The benchmark should run in roughly 32MB or less on most systems, and some systems run it in about half that. A Pentium III/500 runs the garbage collected C version in under 8 seconds. Some Java implementations have similar or better performance. Some are an order of magnitude slower.

In addition to an overall execution time, the benchmark reports times required to allocate and drop complete binary trees of various sizes. All reported times are for similar amounts of allocation, and maintain some more permanent live data structures. Generational collectors generally exhibit much better performance for the smaller tree sizes, where nongenerational collectors tend to have a flatter performance profile.

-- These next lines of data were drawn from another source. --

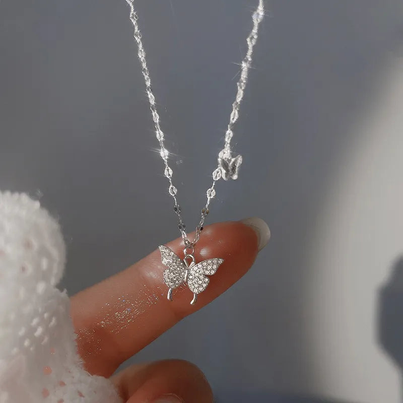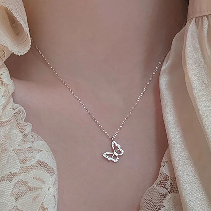Zircon Butterfly Pendant Choker Light Luxury Aesthetic Niche Clavicle Silver-plated Necklace Jewelry Women Gifts
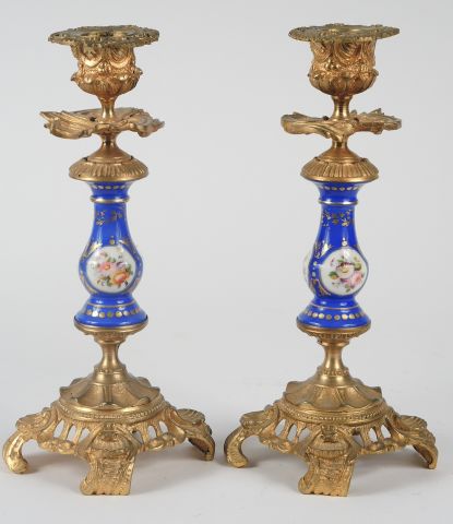 Paire de bougeoirs Napoléon III en bronze doré, fût en porcelaine à décor de fleurs polychromes dans des réserves sur fond bleu
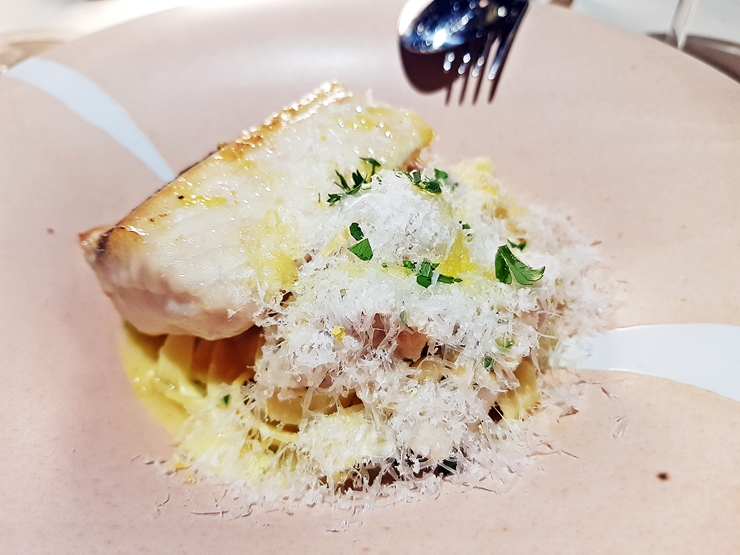 삼치 딸리아뗄레. 구운 삼치를 넣어 만든 파스타다. 삼치는 등푸른생선 계열이지만, 맛은 흰살생선과 흡사한 맛이 나는 개성이 있다. 그래서 등푸른생선 특유의 비린내를 싫어하는 사람들도 거부감 없이 즐길 수 있다. 담백한 삼치를 잘게 부셔서 파스타와 함께 비벼 먹어도 좋고 떠 먹어도 좋다. 우리는 잘게 부순 후 비벼 먹었다. 파스타 크림과 삼치의 맛이 잘 어울려서 만족스럽게 즐겼다.

This benchmark appears to have been used by a number of vendors to aid in Java VM development. That probably makes it less desirable as a means to compare VMs. (It also has some know deficiencies, e.g. the allocation pattern is too regular, and it leaves too few "holes" between live objects.) It now appears to be most useful as a sanity test for garbage collector developers.

Profiling

The directory also contains a small utility that can be used to get instruction-level profiles on some Unix-like systems. We have found this useful to get a handle on cache issues on systems which do not provide more elaborate support for such profiling. The C version of the benchmark has an option to generate such profiles.

(The code has been used on X86 and IA64 Linux systems. It requires minimal porting for other systems.)

Code to be profiled should call init_profiling() at startup and dump_profile() before termination. This generates a list of addresses and counts on stderr if this redirected into prof.out, something like the following will generate a readable version of the profile:

nm {option for BSD-style output} {executable} > nm.out
cat nm.out prof.out | sort > profile